Exercise brief: Using the data below, return word for word every line from the one holding "Selling an Abraham" down to the one holding "研究者在U2OS細胞中使用了". Leave pictures out.

── Source information

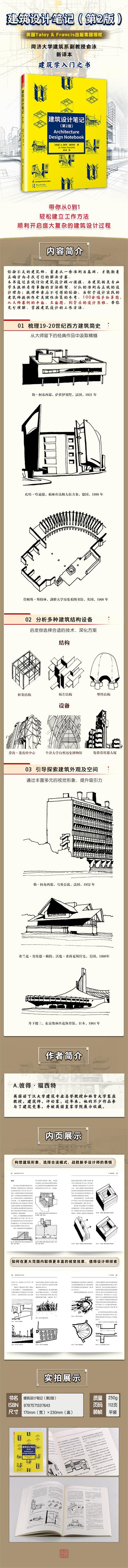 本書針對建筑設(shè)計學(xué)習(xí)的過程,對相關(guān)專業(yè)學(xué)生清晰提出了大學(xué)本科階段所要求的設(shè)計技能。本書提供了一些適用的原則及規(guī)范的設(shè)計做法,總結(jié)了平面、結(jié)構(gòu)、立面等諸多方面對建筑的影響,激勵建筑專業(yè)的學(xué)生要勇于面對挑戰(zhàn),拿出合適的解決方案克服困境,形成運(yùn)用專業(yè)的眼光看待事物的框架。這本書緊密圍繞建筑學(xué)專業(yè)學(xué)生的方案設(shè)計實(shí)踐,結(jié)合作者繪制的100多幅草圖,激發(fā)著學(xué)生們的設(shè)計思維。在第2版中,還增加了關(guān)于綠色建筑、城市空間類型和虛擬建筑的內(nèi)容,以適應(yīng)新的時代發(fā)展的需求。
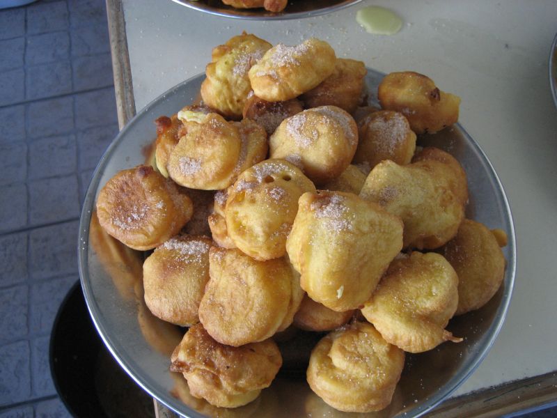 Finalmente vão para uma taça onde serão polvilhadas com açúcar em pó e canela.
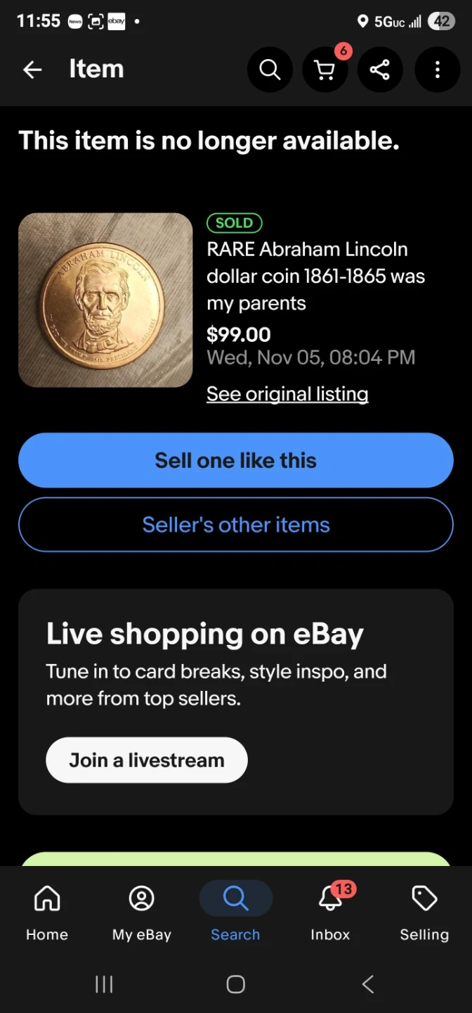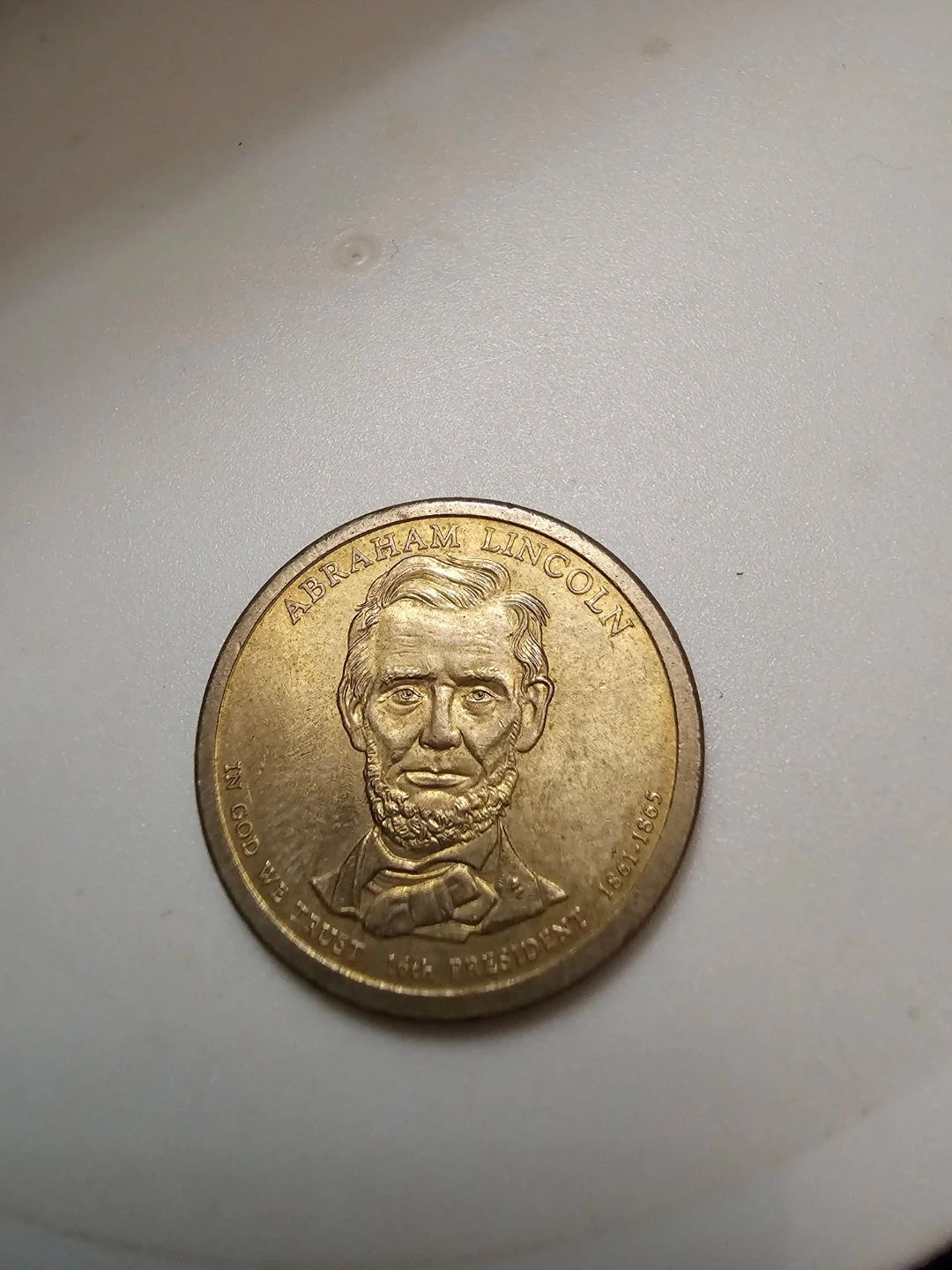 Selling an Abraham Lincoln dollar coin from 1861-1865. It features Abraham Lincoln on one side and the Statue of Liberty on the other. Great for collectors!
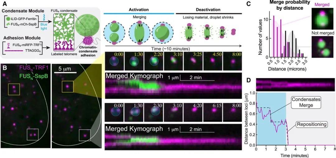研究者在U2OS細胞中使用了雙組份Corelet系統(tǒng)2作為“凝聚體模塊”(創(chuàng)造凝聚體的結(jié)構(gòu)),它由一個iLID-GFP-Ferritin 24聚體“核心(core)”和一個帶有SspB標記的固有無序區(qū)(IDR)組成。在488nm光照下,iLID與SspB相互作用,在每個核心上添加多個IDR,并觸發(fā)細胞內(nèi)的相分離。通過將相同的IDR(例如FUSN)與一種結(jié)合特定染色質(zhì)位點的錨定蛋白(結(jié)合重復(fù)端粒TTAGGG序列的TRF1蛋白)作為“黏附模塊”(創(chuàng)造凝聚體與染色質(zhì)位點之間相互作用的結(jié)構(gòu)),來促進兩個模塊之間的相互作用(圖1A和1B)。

────
── Source information

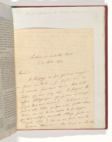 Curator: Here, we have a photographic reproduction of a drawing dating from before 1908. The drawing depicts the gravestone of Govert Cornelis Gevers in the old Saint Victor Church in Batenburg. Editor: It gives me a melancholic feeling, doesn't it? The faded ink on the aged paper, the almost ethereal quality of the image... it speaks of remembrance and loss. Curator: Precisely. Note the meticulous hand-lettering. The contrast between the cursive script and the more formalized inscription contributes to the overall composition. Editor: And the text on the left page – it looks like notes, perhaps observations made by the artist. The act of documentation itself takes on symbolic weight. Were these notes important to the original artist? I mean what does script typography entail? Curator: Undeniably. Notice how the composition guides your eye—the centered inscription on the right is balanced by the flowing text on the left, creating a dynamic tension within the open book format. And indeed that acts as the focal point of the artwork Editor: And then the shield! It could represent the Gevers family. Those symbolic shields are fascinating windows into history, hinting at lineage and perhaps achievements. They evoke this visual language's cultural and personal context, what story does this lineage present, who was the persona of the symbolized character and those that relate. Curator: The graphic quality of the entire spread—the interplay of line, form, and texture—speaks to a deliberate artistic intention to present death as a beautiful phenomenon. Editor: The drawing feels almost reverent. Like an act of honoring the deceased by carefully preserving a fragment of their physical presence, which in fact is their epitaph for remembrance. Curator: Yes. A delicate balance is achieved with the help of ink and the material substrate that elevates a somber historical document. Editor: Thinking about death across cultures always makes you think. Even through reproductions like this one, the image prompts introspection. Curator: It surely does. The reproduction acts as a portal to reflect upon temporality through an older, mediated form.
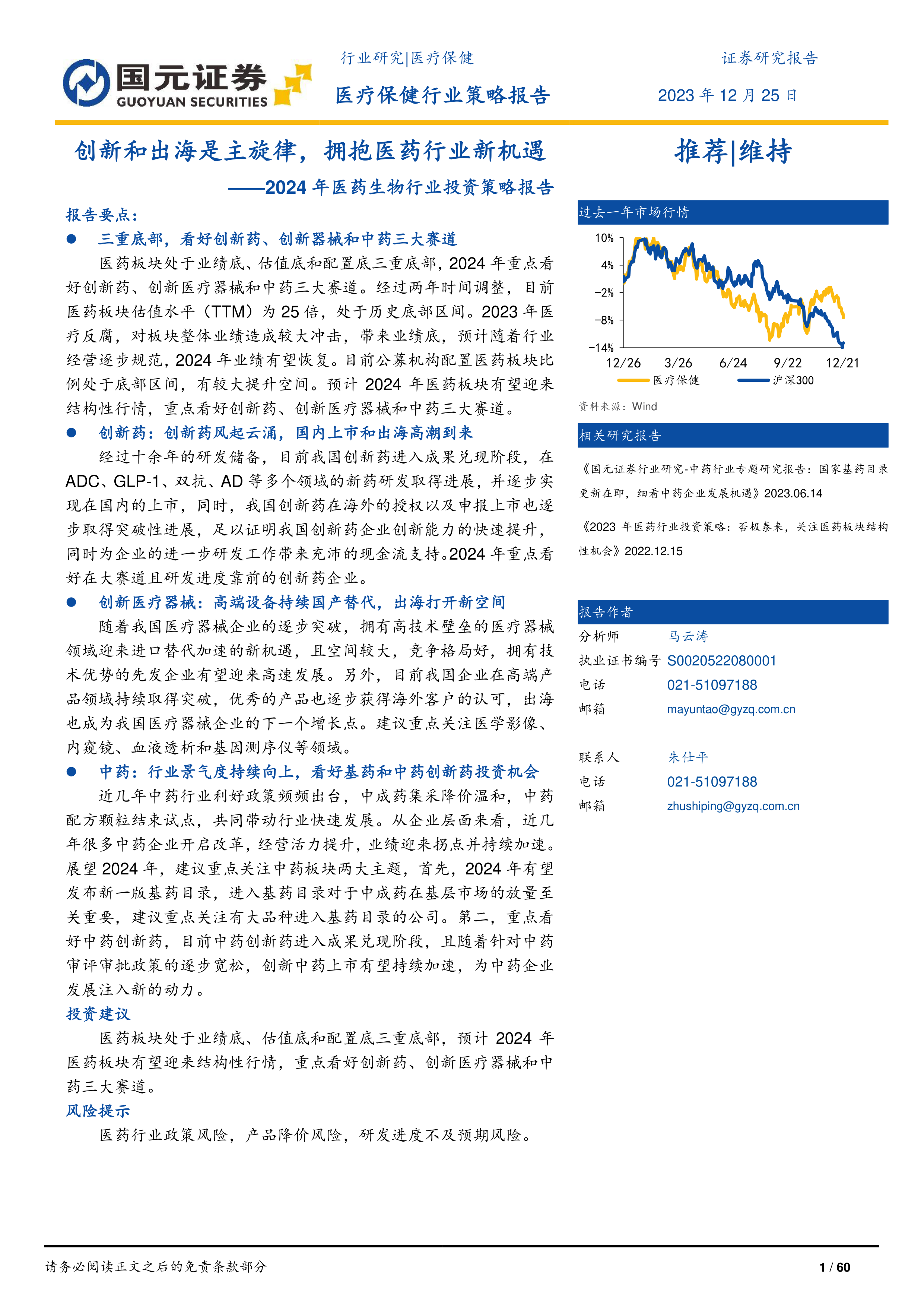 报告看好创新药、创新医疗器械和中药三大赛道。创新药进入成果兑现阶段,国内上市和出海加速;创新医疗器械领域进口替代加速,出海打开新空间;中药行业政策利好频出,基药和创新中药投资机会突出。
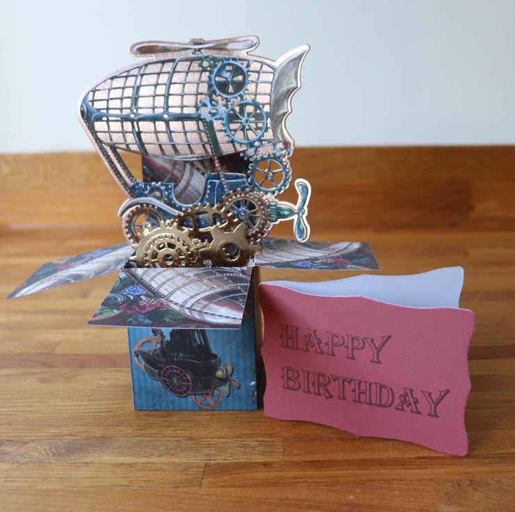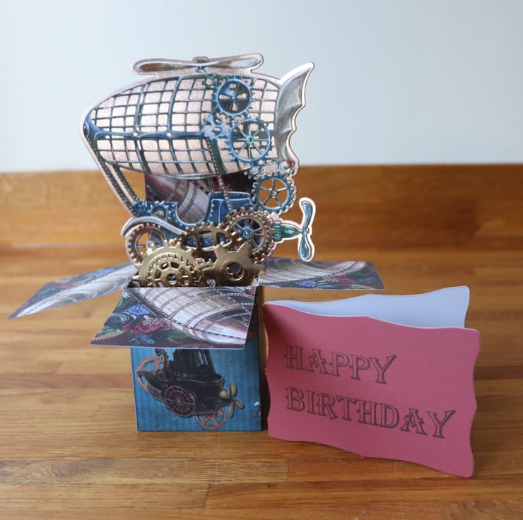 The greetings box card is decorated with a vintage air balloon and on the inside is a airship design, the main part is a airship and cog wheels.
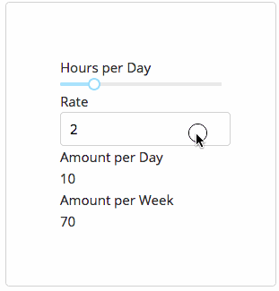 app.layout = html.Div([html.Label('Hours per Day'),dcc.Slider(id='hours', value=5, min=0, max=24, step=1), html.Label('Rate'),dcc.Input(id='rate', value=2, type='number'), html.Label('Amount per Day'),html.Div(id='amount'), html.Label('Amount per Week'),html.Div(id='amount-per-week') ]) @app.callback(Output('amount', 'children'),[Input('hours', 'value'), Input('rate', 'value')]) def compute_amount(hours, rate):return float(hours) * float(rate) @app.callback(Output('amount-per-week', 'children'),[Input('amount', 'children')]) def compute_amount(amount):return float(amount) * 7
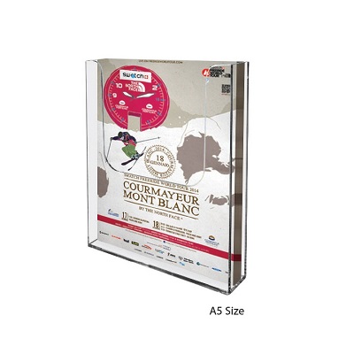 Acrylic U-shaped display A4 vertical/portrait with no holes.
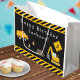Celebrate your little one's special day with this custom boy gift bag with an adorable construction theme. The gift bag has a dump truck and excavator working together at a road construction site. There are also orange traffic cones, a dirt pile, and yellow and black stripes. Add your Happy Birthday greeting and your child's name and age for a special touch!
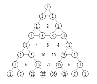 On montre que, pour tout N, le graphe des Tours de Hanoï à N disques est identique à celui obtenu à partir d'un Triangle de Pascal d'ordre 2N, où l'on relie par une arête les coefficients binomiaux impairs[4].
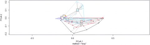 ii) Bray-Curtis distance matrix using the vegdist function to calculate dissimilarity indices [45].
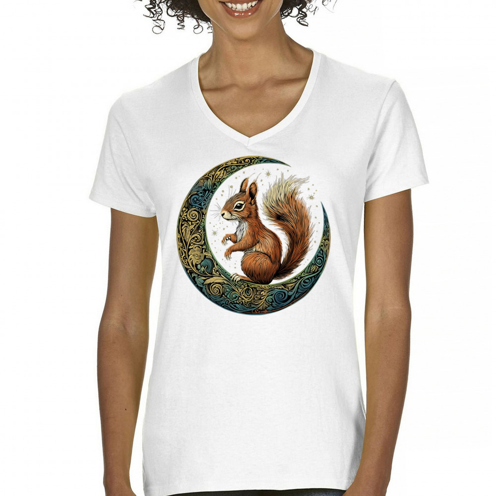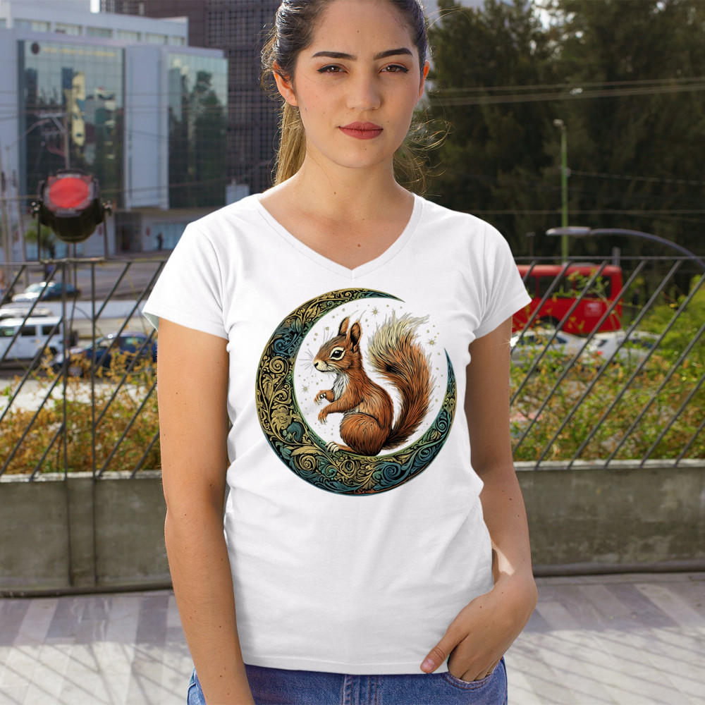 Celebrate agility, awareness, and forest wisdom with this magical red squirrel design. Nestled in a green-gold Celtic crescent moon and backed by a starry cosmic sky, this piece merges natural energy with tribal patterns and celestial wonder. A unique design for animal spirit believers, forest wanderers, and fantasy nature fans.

────
── Source information

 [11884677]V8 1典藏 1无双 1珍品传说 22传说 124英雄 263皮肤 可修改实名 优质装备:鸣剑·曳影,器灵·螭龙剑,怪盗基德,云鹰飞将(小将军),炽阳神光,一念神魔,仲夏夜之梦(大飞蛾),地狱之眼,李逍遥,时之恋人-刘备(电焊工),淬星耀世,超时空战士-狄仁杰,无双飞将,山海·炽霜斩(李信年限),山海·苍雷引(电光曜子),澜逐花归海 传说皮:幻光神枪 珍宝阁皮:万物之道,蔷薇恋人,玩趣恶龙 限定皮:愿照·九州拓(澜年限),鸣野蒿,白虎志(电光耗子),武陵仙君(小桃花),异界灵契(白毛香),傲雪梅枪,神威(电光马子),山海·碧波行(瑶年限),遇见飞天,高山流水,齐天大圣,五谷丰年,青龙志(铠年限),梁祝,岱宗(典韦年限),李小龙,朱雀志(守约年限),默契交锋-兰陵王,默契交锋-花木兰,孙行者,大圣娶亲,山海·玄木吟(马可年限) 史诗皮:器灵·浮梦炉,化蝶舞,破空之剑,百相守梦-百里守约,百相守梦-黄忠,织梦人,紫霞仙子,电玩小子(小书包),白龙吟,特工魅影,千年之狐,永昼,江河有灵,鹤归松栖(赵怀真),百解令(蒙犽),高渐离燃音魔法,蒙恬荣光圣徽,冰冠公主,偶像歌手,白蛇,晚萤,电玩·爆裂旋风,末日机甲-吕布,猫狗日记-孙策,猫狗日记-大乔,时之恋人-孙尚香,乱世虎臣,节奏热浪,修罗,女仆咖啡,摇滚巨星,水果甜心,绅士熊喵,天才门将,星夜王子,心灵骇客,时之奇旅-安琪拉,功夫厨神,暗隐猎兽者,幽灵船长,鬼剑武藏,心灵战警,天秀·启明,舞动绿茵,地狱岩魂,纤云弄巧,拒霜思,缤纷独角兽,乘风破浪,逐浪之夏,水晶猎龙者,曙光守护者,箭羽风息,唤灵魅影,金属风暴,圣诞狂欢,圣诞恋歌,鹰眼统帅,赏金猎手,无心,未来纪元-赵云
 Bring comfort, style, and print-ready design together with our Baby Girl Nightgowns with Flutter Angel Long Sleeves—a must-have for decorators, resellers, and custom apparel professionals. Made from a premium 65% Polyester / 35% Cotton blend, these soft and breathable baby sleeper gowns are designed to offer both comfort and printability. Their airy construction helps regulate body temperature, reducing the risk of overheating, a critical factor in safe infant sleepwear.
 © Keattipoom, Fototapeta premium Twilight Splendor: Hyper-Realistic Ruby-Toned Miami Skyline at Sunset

────

Solved exercise:
 Selling an Abraham Lincoln dollar coin from 1861-1865. It features Abraham Lincoln on one side and the Statue of Liberty on the other. Great for collectors!
研究者在U2OS細胞中使用了雙組份Corelet系統(tǒng)2作為“凝聚體模塊”(創(chuàng)造凝聚體的結(jié)構(gòu)),它由一個iLID-GFP-Ferritin 24聚體“核心(core)”和一個帶有SspB標記的固有無序區(qū)(IDR)組成。在488nm光照下,iLID與SspB相互作用,在每個核心上添加多個IDR,并觸發(fā)細胞內(nèi)的相分離。通過將相同的IDR(例如FUSN)與一種結(jié)合特定染色質(zhì)位點的錨定蛋白(結(jié)合重復(fù)端粒TTAGGG序列的TRF1蛋白)作為“黏附模塊”(創(chuàng)造凝聚體與染色質(zhì)位點之間相互作用的結(jié)構(gòu)),來促進兩個模塊之間的相互作用(圖1A和1B)。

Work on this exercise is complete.